**TASK TO CARRY OUT:** Copy the records word for word. Pictures do not go in.

(Dataset items)
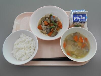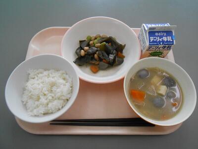 【9月15日】『ひむか地産地消の日』麦ごはん、豚汁、五目豆、牛乳
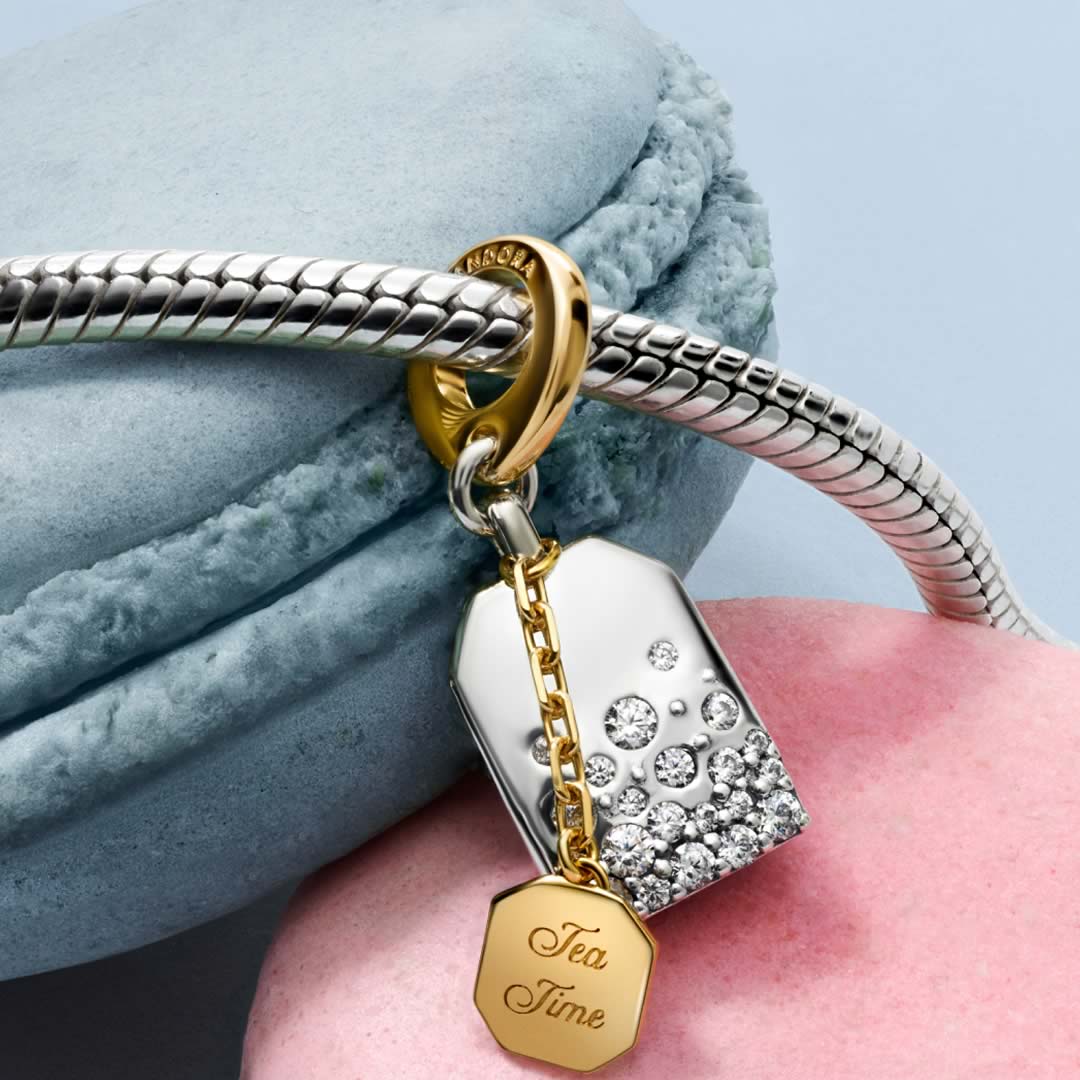 Fabricada en plata esterlina 100% reciclada y chapado en oro de 14k, la colección combina zirconias cúbicas cuidadosamente seleccionadas, acentos de cristal y perlas cultivadas. La colección Pandora x Bridgerton estará disponible en tiendas Pandora y en línea a partir del 15 de enero de 2026.
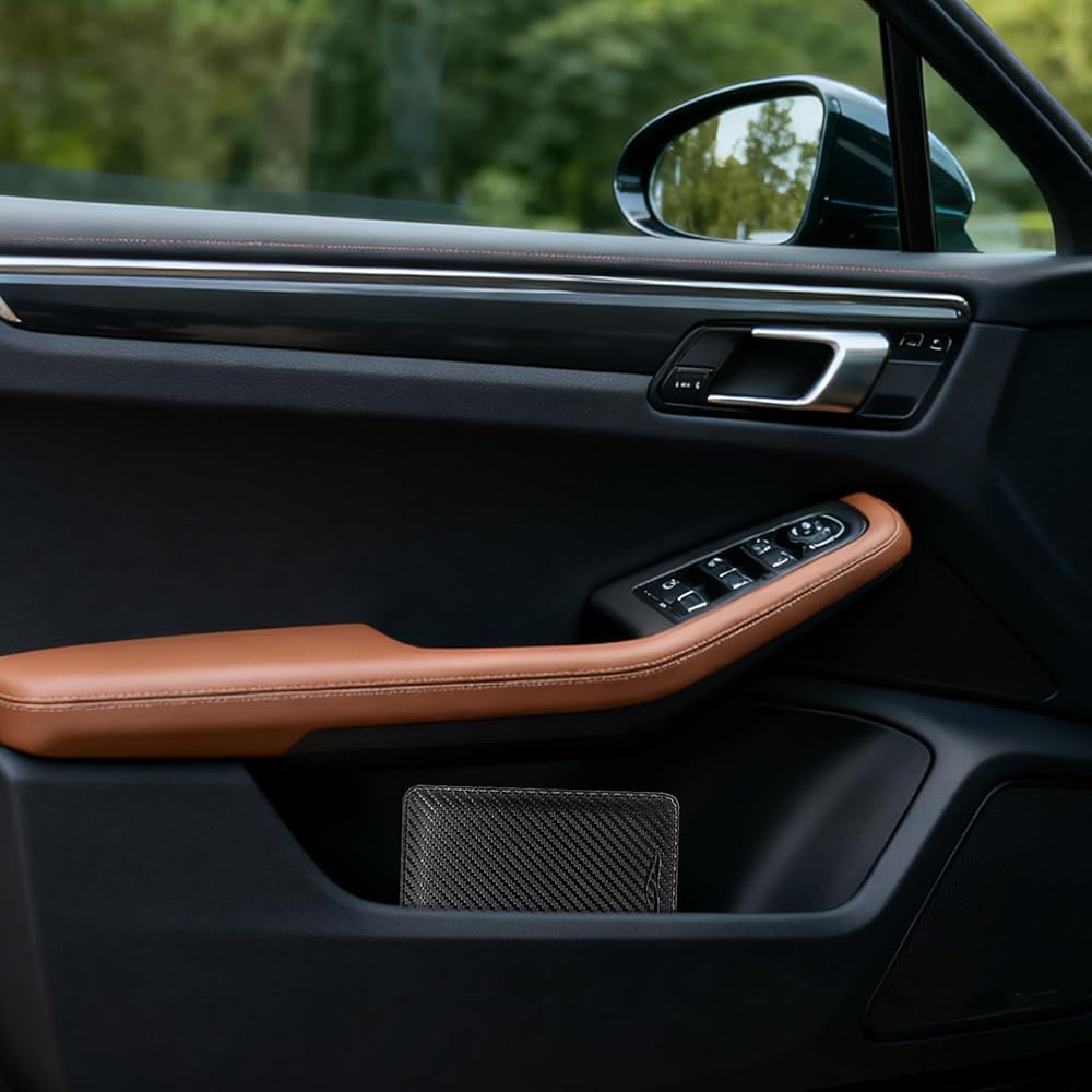 🔘 تصميم خارجي أنيق من ألياف الكربون يتميز حامل تسجيل وتأمين السيارة المتميز هذا بسطح متطور من ألياف الكربون يقاوم بصمات الأصابع بينما يمنح منظم صندوق القفازات ترقية عالية التقنية. يضمن التصميم المتين للغاية حماية طويلة الأمد لأساسيات تسجيل سيارتك وحامل بطاقة التأمين
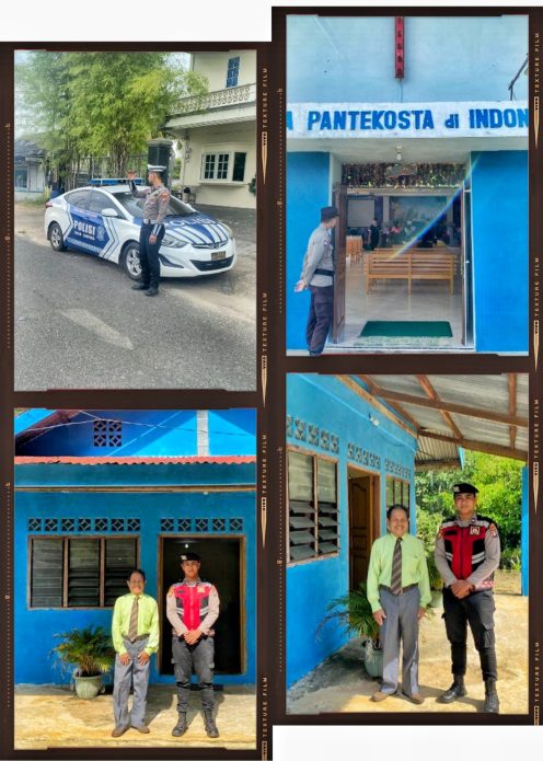Foto Kolase: Polres Lingga saat lakukan pengamanan ibadah Minggu secara serentak di seluruh gereja di wilayah Kabupaten Lingga. (Foto/Ruslan/HITV)
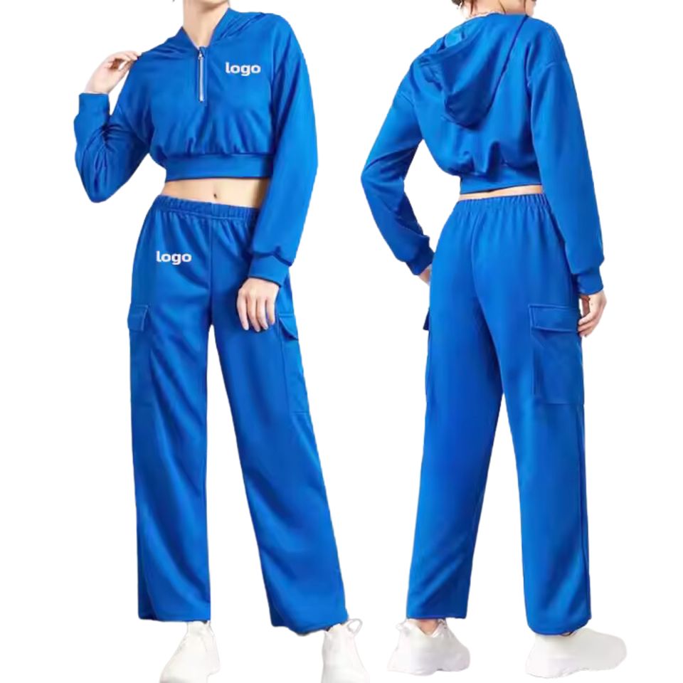 Chándal ODM de alta calidad deportivo hecho a medida para mujer, chándal de entrenamiento de algodón 100% de Color azul a precio razonable
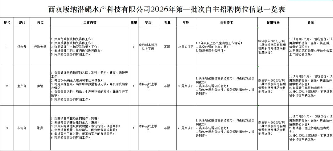 1.西双版纳潜鲲水产科技有限公司2026年第一批次自主招聘岗位信息一览表
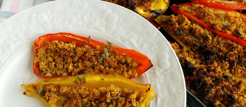 Gevulde puntpaprika met rundergehakt en gezonde knoflooksaus
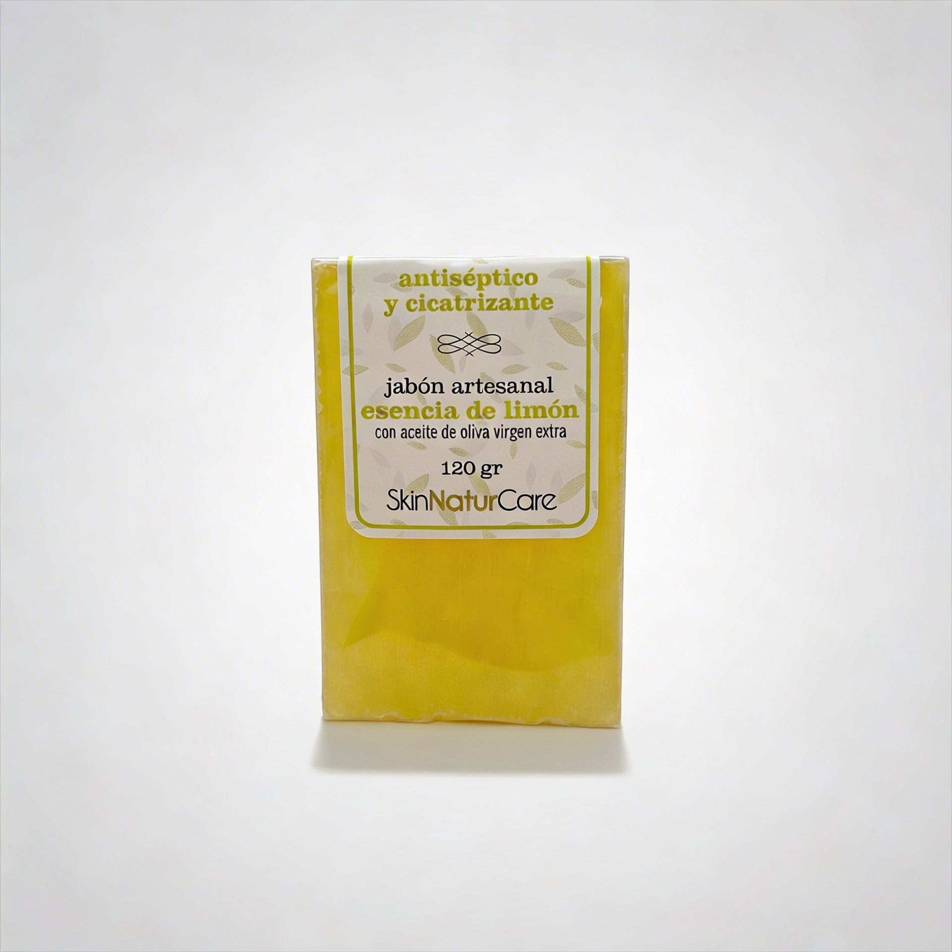 Jabón artesano con aroma cítrico y limpieza delicada. Jabón artesano con limón con AOVE para limpieza suave.
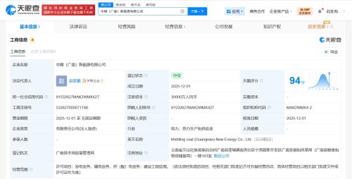 天眼查App显示,近日,中煤(广南)新能源有限公司成立,法定代表人为赵家鹏,注册资本3亿人民币,经营范围为发电业务、输电业务、供(配)电业务,建设工程监理。股权全景穿透图显示,该公司由中煤绿能科技(北京)有限公司全资持股,后者为中国中煤能源集团有限公司全资子公司。
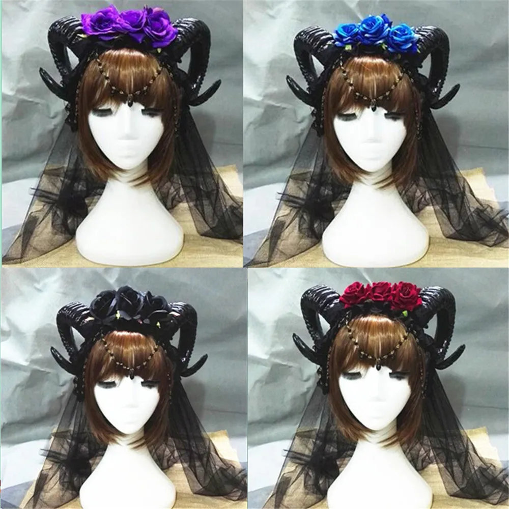 Три искусственных кружева для Хэллоуина Пурим Карнавал косплей Лолита Фата аксессуары для волос Готический призрак головной убор
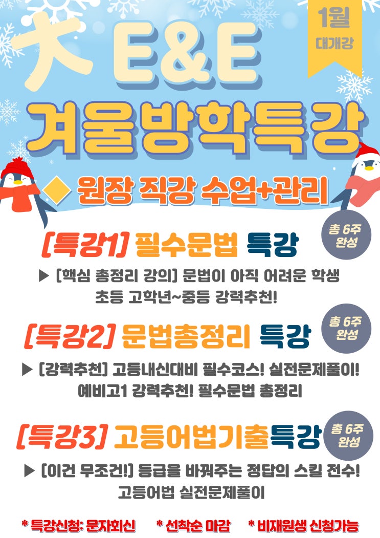 이앤이 영어학원 방학특강 안내 안녕하세요. 이앤이 영어학원 원장입니다. 방학이 시작되면 학부모님들께서 가장 많이 하시는 질문이 있습니다. “이번 방학에 영어, 뭘 시켜야 할까요?” “지금 실력에서 정말 달라질 수 있을까요?” 이 질문에 대해, 저는 늘 같은 답을 드립니다. **방학은 영어 실력을 ‘쌓는 시기’가 아니라, ‘바꾸는 시기’**라고요. 그리고 바로 그 시기를 위해 이번 이앤이 영어학원 방학특강을 준비했습니다. 단순한 수업이 아닙니다 6주 안에 핵심을 완성하는 집중 과정 이번 방학특강은 “수업 시간만 늘린 보강”이 아닙니다. 2달 이상 준비한 커리큘럼으로, 각 레벨별 학생들이 가장 많이 막히는 지점을 분석해 반....... <img src="https://blogthumb.pstatic.net/MjAyNjAxMTJfMjk1/MDAxNzY4MTg5ODY3NDgz.D4uomPE39yrcXQJgJk_YgR_Fj-LvJH8FwLcpmSDifEUg.4GIikRTfIr8-bW-Ou4Vmji0spDglclYDKAEFTdCJqX8g.JPEG/001.jpg?type=s3" />
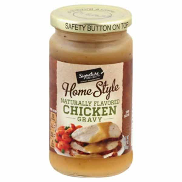 Home-Style Classic Chicken Gravy Heinz Home-Style Classic Chicken Gravy lets you add that classic, scrumptious homemade flavor to your favorite meals. The perfectly-cooked chicken stock is carefully simmered with a blend of flavorful and aromatic spices incorporating authentic tastes and luscious texture. Rich and Savory add a zing to your meals with this classic home-style gravy. The authentic chicken flavor will tantalize your taste buds, making it perfect for adding richness and texture to your sauces, soups, and broths. This package contains one 12 oz jar.
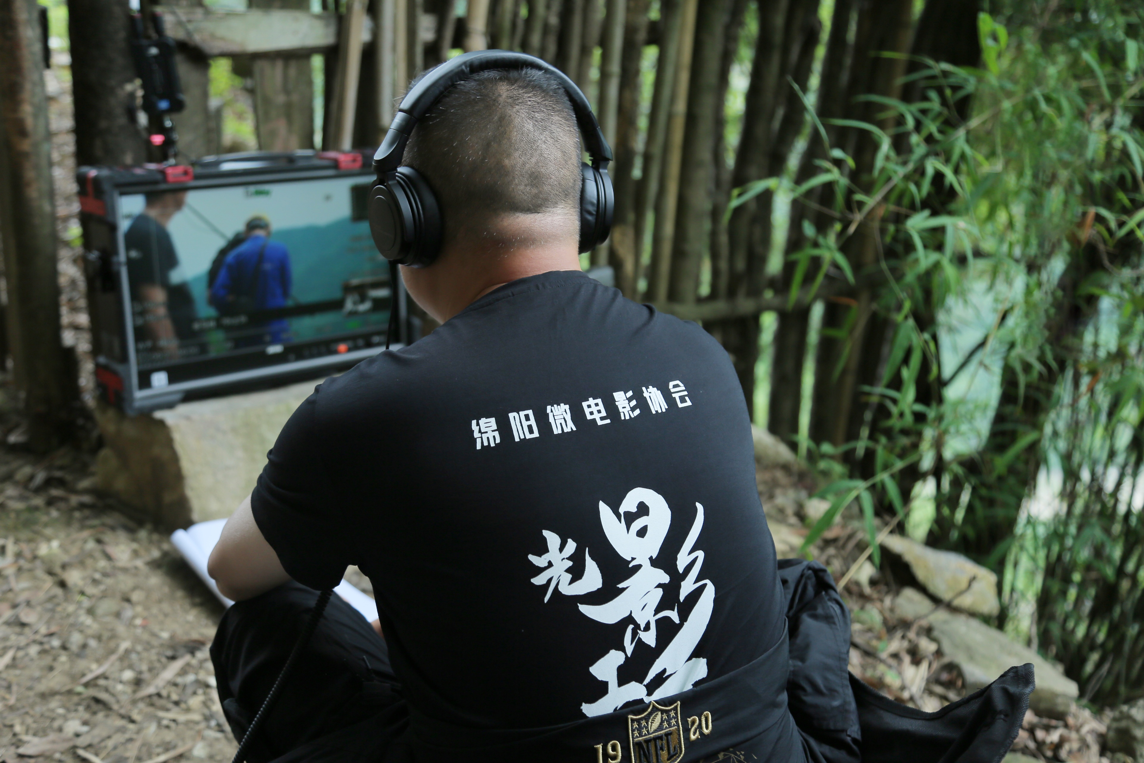 随着拍摄的深入,团队来到到更密集的森林中。在这里,密集的树林、崎岖的山路给拍摄带来了不少挑战。然而,铠甲一号坚固的外衣、便携的机身让这一切变得轻松应对。我们看到监视器被稳固地放置在一块石头上,导演正通过监视器来监看现场的布置情况。

**RESULT OF THIS EXERCISE:**
 【9月15日】『ひむか地産地消の日』麦ごはん、豚汁、五目豆、牛乳
 Fabricada en plata esterlina 100% reciclada y chapado en oro de 14k, la colección combina zirconias cúbicas cuidadosamente seleccionadas, acentos de cristal y perlas cultivadas. La colección Pandora x Bridgerton estará disponible en tiendas Pandora y en línea a partir del 15 de enero de 2026.
 🔘 تصميم خارجي أنيق من ألياف الكربون يتميز حامل تسجيل وتأمين السيارة المتميز هذا بسطح متطور من ألياف الكربون يقاوم بصمات الأصابع بينما يمنح منظم صندوق القفازات ترقية عالية التقنية. يضمن التصميم المتين للغاية حماية طويلة الأمد لأساسيات تسجيل سيارتك وحامل بطاقة التأمين
Foto Kolase: Polres Lingga saat lakukan pengamanan ibadah Minggu secara serentak di seluruh gereja di wilayah Kabupaten Lingga. (Foto/Ruslan/HITV)
 Chándal ODM de alta calidad deportivo hecho a medida para mujer, chándal de entrenamiento de algodón 100% de Color azul a precio razonable
 1.西双版纳潜鲲水产科技有限公司2026年第一批次自主招聘岗位信息一览表
 Gevulde puntpaprika met rundergehakt en gezonde knoflooksaus
 Jabón artesano con aroma cítrico y limpieza delicada. Jabón artesano con limón con AOVE para limpieza suave.
 天眼查App显示,近日,中煤(广南)新能源有限公司成立,法定代表人为赵家鹏,注册资本3亿人民币,经营范围为发电业务、输电业务、供(配)电业务,建设工程监理。股权全景穿透图显示,该公司由中煤绿能科技(北京)有限公司全资持股,后者为中国中煤能源集团有限公司全资子公司。
 Три искусственных кружева для Хэллоуина Пурим Карнавал косплей Лолита Фата аксессуары для волос Готический призрак головной убор
 이앤이 영어학원 방학특강 안내 안녕하세요. 이앤이 영어학원 원장입니다. 방학이 시작되면 학부모님들께서 가장 많이 하시는 질문이 있습니다. “이번 방학에 영어, 뭘 시켜야 할까요?” “지금 실력에서 정말 달라질 수 있을까요?” 이 질문에 대해, 저는 늘 같은 답을 드립니다. **방학은 영어 실력을 ‘쌓는 시기’가 아니라, ‘바꾸는 시기’**라고요. 그리고 바로 그 시기를 위해 이번 이앤이 영어학원 방학특강을 준비했습니다. 단순한 수업이 아닙니다 6주 안에 핵심을 완성하는 집중 과정 이번 방학특강은 “수업 시간만 늘린 보강”이 아닙니다. 2달 이상 준비한 커리큘럼으로, 각 레벨별 학생들이 가장 많이 막히는 지점을 분석해 반....... <img src="https://blogthumb.pstatic.net/MjAyNjAxMTJfMjk1/MDAxNzY4MTg5ODY3NDgz.D4uomPE39yrcXQJgJk_YgR_Fj-LvJH8FwLcpmSDifEUg.4GIikRTfIr8-bW-Ou4Vmji0spDglclYDKAEFTdCJqX8g.JPEG/001.jpg?type=s3" />
 Home-Style Classic Chicken Gravy Heinz Home-Style Classic Chicken Gravy lets you add that classic, scrumptious homemade flavor to your favorite meals. The perfectly-cooked chicken stock is carefully simmered with a blend of flavorful and aromatic spices incorporating authentic tastes and luscious texture. Rich and Savory add a zing to your meals with this classic home-style gravy. The authentic chicken flavor will tantalize your taste buds, making it perfect for adding richness and texture to your sauces, soups, and broths. This package contains one 12 oz jar.
 随着拍摄的深入,团队来到到更密集的森林中。在这里,密集的树林、崎岖的山路给拍摄带来了不少挑战。然而,铠甲一号坚固的外衣、便携的机身让这一切变得轻松应对。我们看到监视器被稳固地放置在一块石头上,导演正通过监视器来监看现场的布置情况。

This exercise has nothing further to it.